Imagine you're browsing through social media and come across a beautifully styled outfit that catches your eye. You want to know where everything came from, but searching for each item individually can be time-consuming and frustrating. Until recently, visual search was a one-item-at-a-time process, but a major update to Google's Circle to Search and Lens has changed the game. Now, you can search multiple objects within a single image simultaneously, making it easier to find exactly what you want and learn more about the world around you.

Behind the Scenes: How Google's AI Understands Visual Searches

To better understand these breakthroughs, we talked to Search Senior Engineering Director Dounia Berrada, who focuses on multimodal search, aka Google Lens. Visual search is redefining how we interact with information, and Lens should be intelligent enough to understand the "why" behind your search, making it effortless to get help with what you see on your screen or in the world around you.

How Does It Work?

Imagine you're redesigning a room and upload a photo of a mid-century modern space for inspiration. You probably aren't just looking for the side table; you want to recreate the entire vibe. Previously, you'd have to search for the lamp, then the rug, then the chair individually. Now, AI Mode can break down that complex image, identify each individual piece, and issue multiple visual searches simultaneously. You can see this in action right now using Circle to Search.

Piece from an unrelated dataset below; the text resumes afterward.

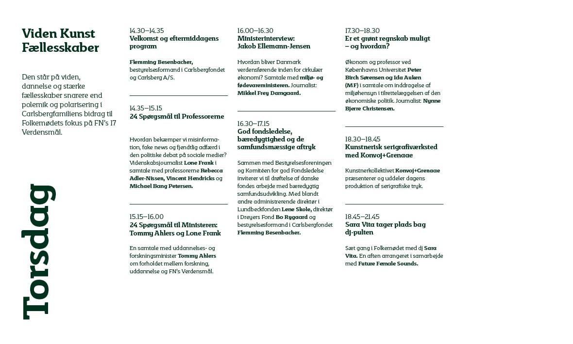 Ambitionen med Carlsbergfamiliens program er at slå et slag for de klassiske dannelsesidealer; at skabe et rum for refleksion, dialog og indsigt blandt Folkemødets mange og hurtige meninger og diskussioner. Carlsbergfamiliens engagement i Folkemødet ligger i den overbevisning, at den sunde, konstruktive debat altid bør hvile på et fundament af viden og indsigt. Derfor lader vi eksperterne komme til orde i et format, der giver ro til den nysgerrige fordybelse. Invitationen til fordybelse ligger ligeledes i kunsten, som i form af kunstperformance, artist talks, museumsfagligheder og minikoncerter er massivt til stede i Tabernaklet. Derudover gør vi plads til fællesskab, når vi undervejs giver ordet til ungdommen og får unges perspektiver på iværksætteri, bæredygtighed og musik. Samtlige indslag i Carlsbergfamiliens program forholder sig løst som fast til den overordnede ramme for årets Folkemøde, nemlig FN’s 17 verdensmål.
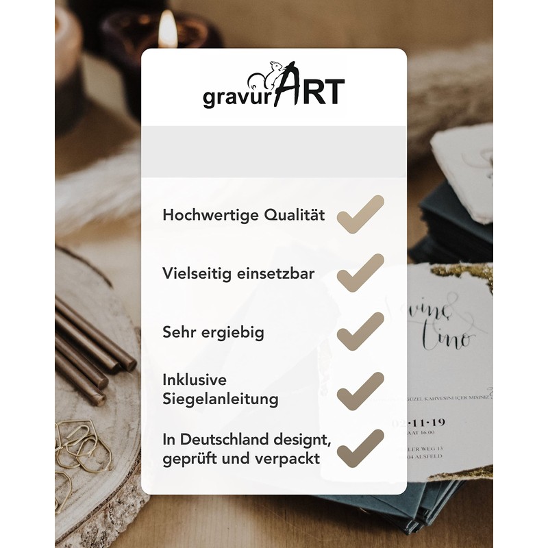 - Tested and packaged in Germany – proven for many years. Each bar seal stamp wax goes through our hands and is securely packaged. Tips for sealing are included in the practical sealing instructions.

The Advanced Gemini Models

Our advanced Gemini models make AI Mode possible, and its multimodal capabilities benefit from the visual expertise we've built into Lens over the years. When you search with an image, Gemini analyzes the image alongside your question to decide which tools to use. Let's say you're scrolling on your phone and see an outfit on social media that you love. When you search it, the model knows to use Lens to retrieve image results for the hat, shoes, and jacket of the outfit simultaneously. It then weaves those individual results into one easy-to-read response.

The Fan-Out Technique

AI Mode is basically doing a dozen searches for you in the time it takes to do one. If you upload a photo of a garden you admire, you might have several questions: Will these plants survive in the shade? Are they right for my climate? How much maintenance do they need? Before, you'd ask those one by one. Now, AI Mode identifies all those necessary "fan-out" searches. This way, it gathers care requirements for every plant in the photo using helpful web results, breaks down the info, and even suggests next steps you might want to take.

Practical Implications

The implications of this technology are vast and exciting. You could take a photo of a wall at a museum and ask for explanations of each painting. Or take a photo of a bakery window and ask what all the different pastries are. It's about moving from "What is this one thing?" to "Explain this entire scene to me." This technology has the potential to revolutionize the way we interact with information and make it more accessible and user-friendly.

Forward-Looking Thoughts

As we continue to push the boundaries of visual search and AI, we can expect to see even more innovative applications in the future. Imagine being able to take a photo of a piece of art and having the AI provide you with a detailed analysis of its history, significance, and cultural context. Or being able to take a photo of a product and having the AI provide you with a list of similar products, their prices, and where to buy them. The possibilities are endless, and we can't wait to see what the future holds.

Conclusion

The power of visual search is changing the way we interact with information, and Google's AI is at the forefront of this revolution. With the ability to search multiple objects within a single image simultaneously, we can expect to see even more innovative applications in the future. As we continue to push the boundaries of visual search and AI, we can expect to see a future where information is more accessible, user-friendly, and tailored to our individual needs.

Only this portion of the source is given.